So let me just state for the record, that the reason I would quit my job has nothing to do with
the church.  Two years ago, my ex girlfriend, after cheating on me, got pregnant with the guy she cheated
on.  Now the guy she cheated with, he didn't want a baby and urged her to get an abortion.

But I knew my ex well enough to know she'd always wanted a kid.  We'd tried several times
ourselves.  I might be infertile or something doesn't jive, because out of three pregnancies,
three ended up in a miscarriage.  So I told her, don't get an abortion just because he tells you so.
Have the kid if you really want to have a kid.  

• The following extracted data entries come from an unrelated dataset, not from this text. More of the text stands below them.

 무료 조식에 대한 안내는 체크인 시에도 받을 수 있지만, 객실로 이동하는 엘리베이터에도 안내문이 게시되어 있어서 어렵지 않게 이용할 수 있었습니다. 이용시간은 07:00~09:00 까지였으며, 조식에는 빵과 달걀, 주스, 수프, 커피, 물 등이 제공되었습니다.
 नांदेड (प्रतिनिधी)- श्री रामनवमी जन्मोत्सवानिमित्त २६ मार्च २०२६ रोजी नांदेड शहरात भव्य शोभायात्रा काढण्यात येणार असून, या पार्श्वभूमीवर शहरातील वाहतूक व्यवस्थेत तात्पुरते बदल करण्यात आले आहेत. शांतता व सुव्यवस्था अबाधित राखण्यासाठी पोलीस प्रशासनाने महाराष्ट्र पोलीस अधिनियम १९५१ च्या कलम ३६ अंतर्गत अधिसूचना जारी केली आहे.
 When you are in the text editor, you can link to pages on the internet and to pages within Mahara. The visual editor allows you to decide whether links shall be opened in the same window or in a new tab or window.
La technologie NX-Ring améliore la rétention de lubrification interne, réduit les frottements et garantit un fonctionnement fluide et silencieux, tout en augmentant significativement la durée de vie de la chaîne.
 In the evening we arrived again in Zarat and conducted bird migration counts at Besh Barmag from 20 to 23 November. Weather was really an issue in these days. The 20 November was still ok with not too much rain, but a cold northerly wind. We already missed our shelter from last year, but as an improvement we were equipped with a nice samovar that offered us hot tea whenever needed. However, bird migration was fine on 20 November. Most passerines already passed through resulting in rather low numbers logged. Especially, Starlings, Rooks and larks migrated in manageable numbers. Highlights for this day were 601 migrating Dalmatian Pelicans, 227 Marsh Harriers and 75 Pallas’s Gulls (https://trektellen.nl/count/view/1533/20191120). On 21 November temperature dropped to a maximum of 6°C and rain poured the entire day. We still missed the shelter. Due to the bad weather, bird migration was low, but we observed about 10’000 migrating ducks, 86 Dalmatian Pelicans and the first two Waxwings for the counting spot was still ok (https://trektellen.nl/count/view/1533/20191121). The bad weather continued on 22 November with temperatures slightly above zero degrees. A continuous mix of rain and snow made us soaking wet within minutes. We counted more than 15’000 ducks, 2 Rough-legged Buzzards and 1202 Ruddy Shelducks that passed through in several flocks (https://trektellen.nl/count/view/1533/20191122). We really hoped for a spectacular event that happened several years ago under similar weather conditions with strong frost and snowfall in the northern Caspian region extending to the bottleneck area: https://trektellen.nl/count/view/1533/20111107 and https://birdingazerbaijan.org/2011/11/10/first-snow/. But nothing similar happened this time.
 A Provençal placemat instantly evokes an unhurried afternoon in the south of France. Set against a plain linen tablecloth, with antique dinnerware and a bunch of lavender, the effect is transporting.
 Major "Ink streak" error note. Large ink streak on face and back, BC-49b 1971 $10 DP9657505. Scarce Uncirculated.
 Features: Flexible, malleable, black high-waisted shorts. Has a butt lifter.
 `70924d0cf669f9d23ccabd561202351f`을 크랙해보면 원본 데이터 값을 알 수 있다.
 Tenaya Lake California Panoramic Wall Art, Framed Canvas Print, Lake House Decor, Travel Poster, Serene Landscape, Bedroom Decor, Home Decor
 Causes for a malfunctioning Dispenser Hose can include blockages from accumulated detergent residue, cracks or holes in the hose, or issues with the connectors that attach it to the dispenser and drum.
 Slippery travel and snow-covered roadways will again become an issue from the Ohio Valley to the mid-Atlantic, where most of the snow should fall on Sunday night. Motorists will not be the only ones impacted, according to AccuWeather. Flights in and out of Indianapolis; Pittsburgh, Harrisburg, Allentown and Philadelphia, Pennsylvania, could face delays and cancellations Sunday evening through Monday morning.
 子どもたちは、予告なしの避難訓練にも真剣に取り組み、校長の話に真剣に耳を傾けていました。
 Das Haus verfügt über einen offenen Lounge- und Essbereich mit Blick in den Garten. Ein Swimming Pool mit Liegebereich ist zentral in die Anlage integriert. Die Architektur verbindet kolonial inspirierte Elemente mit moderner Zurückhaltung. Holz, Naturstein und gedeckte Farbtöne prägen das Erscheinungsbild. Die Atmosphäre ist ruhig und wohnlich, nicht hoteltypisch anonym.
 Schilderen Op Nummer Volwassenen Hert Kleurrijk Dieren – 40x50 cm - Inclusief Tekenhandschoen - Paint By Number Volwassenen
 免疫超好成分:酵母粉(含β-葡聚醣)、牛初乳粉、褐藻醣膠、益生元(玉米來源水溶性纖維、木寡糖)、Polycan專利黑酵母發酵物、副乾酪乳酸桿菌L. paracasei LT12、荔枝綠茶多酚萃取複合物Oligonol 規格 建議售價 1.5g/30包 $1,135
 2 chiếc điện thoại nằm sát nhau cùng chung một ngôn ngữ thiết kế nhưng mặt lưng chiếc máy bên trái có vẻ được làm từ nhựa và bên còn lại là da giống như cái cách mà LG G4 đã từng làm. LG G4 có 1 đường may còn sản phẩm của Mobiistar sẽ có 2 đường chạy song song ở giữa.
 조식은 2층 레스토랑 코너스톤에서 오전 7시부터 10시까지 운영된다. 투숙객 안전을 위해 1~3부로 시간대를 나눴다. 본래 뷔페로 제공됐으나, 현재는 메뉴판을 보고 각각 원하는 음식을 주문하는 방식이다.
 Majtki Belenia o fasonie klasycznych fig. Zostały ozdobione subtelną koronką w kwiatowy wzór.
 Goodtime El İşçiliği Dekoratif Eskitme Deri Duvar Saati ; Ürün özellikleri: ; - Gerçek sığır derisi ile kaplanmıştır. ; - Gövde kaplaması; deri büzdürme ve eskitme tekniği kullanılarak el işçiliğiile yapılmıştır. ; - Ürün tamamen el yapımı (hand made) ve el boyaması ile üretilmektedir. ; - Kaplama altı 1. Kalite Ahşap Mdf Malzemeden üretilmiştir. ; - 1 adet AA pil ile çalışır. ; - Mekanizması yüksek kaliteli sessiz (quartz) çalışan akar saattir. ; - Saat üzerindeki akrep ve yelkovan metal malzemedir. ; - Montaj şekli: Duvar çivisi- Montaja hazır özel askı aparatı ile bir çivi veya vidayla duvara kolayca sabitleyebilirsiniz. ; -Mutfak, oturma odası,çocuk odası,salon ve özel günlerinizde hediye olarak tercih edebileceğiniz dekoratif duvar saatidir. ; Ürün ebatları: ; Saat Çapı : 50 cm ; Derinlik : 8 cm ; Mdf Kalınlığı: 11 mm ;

Still he tried to pressure her. For some reason, at this moment in time, even with my liberal, pro choice bend,
I somehow just wanted this pregnancy to happen.  It makes no sense at all, but I kept urging her
to not give in to this guy.  Don't get an abortion.  It was mighty high minded of me, I thought,
to stand up for her right to choose, even when ultimately that meant choosing against the abortion.  
But let's not kid ourselves.  I was in it a little deeper than that.  For whatever stupid reason,
I wanted that pregnancy to result in a baby.  I was associating a fetus with a baby.  I was
pushing for it, against all rationality, against my own atheism, I was suddenly a believer in some kind of
of destiny.


And then came the baby.  The guy she'd cheated with was long gone.  I was there, because this was after all
what I'd pushed for.  Our relationship was kaput but I was in for support.  I was willing to
be this baby's father, because really, in the long run, that was all this was really about.  
I wanted to be a daddy.  But there in the delivery room, I suddenly felt far far away from this baby.
It wasn't mine!  It was just some stranger's baby.  What the hell was I doing here?  I felt
so detached all of a sudden.

Damn, why did I throw in for this birth?  Why did I influence this birth to happen, against three 
scheduled abortions, why did I fight for this moment?  This is dumb.  
But then the baby's pulse went down.  Way way down.  There was danger now.  And for some reason, it was 
this danger to this baby's life, now at the very moment of his birth, that drew me back in

Rushed into the emergency delivery room for a C section.  And in about two minutes flat, out plops this
messy piece of life, this slimy, warp headed baby, this brown skinned beauty.  And the doctor hands him to me.
What the fuck was that?  Why did the doctor hand this baby to me?  I look down at this baby.
He isn't crying.  He isn't particularily distressed, from what I can tell. He's just looking up at me.
Who the hell is that guy?

You are going to have a great life, I say.  
Then I keep repeating this, for whatever reason, I keep feeling compelled to say this.
 It becomes my promise to him.  What right do I have, to promise something like greatness to a baby life.
But I do it, and I do it with a certain confidence.  His life's greatness becomes something of my own.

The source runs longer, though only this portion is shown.